# Your assignment
The answer should be every line below, repeated exactly, with the images left out.

# Data excerpt
:::

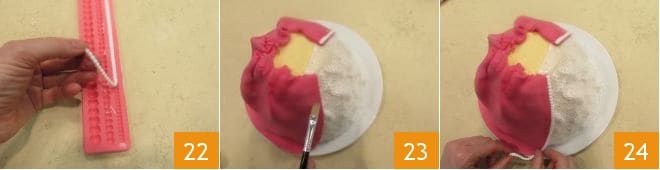 Backen Sie erneut im vorgeheizten statischen Ofen bei 120 °C für 5-6 Minuten. Lassen Sie es abkühlen und extrahieren Sie dann den Perlstreifen 22 und kleben Sie ihn mit essbarem Kleber am Rand des Rocks (23-24). Bewahren Sie ein kleines Stück auf, das Sie für das Halsband und das Armband verwenden können.
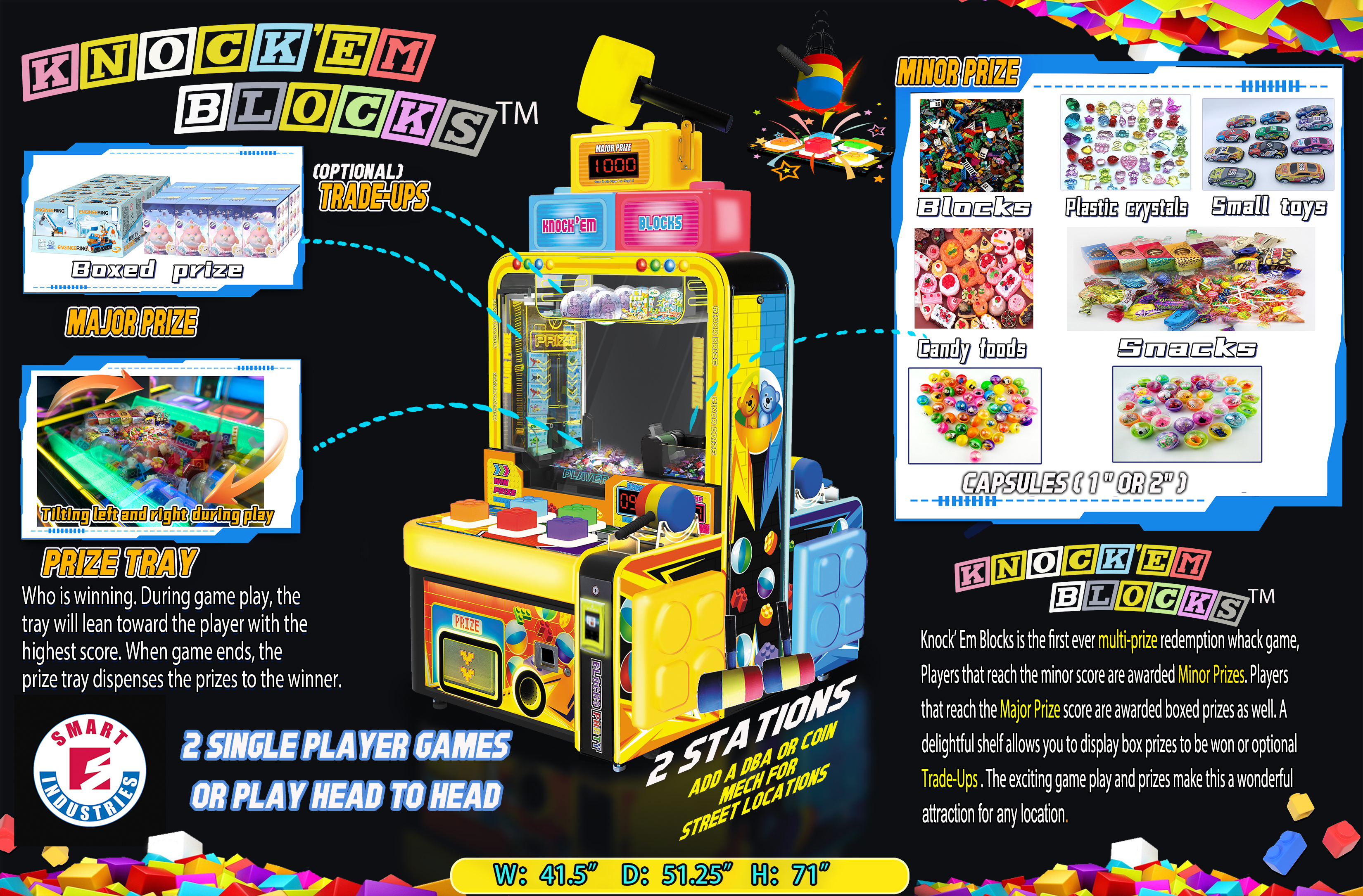 What truly sets Knock'Em Blocks apart are its three prize levels. This feature adds layers of excitement and motivation for players. Whether they're after a small token or aiming for a top-tier prize, the thrill of winning is palpable. This diversity in prize offerings makes it a versatile choice for operators and a delightful experience for guests, ensuring that everyone leaves with a smile, whether they win or lose.
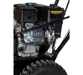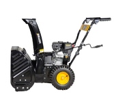Снегоуборщик Huter SGC 4100 предназначен для расчистки небольших территорий от снега. Самоходная модель оснащена 4-тактным бензиновым двигателем мощностью 7 л.с. Ширина захвата за один проход составляет 56 сантиметров, шнек с зубцами измельчает плотный снег. Благодаря глубокому протектору колеса не скользят при гололеде, обеспечивая хорошую проходимость машины. Поворот желоба регулируется специальным рычагом. Технические характеристики: Мощность двигателя: 7 л.с. Тип двигателя: бензиновый Число тактов: 4 Тип топлива: бензин АИ-92 Способ охлаждения: воздушный Мощность: 5,15 кВт Передачи: 5 вперед / 2 назад Ширина захвата: 56 см Высота захвата: 54 см Электро

:::

# Task answer
 Backen Sie erneut im vorgeheizten statischen Ofen bei 120 °C für 5-6 Minuten. Lassen Sie es abkühlen und extrahieren Sie dann den Perlstreifen 22 und kleben Sie ihn mit essbarem Kleber am Rand des Rocks (23-24). Bewahren Sie ein kleines Stück auf, das Sie für das Halsband und das Armband verwenden können.
 What truly sets Knock'Em Blocks apart are its three prize levels. This feature adds layers of excitement and motivation for players. Whether they're after a small token or aiming for a top-tier prize, the thrill of winning is palpable. This diversity in prize offerings makes it a versatile choice for operators and a delightful experience for guests, ensuring that everyone leaves with a smile, whether they win or lose.
Снегоуборщик Huter SGC 4100 предназначен для расчистки небольших территорий от снега. Самоходная модель оснащена 4-тактным бензиновым двигателем мощностью 7 л.с. Ширина захвата за один проход составляет 56 сантиметров, шнек с зубцами измельчает плотный снег. Благодаря глубокому протектору колеса не скользят при гололеде, обеспечивая хорошую проходимость машины. Поворот желоба регулируется специальным рычагом. Технические характеристики: Мощность двигателя: 7 л.с. Тип двигателя: бензиновый Число тактов: 4 Тип топлива: бензин АИ-92 Способ охлаждения: воздушный Мощность: 5,15 кВт Передачи: 5 вперед / 2 назад Ширина захвата: 56 см Высота захвата: 54 см Электро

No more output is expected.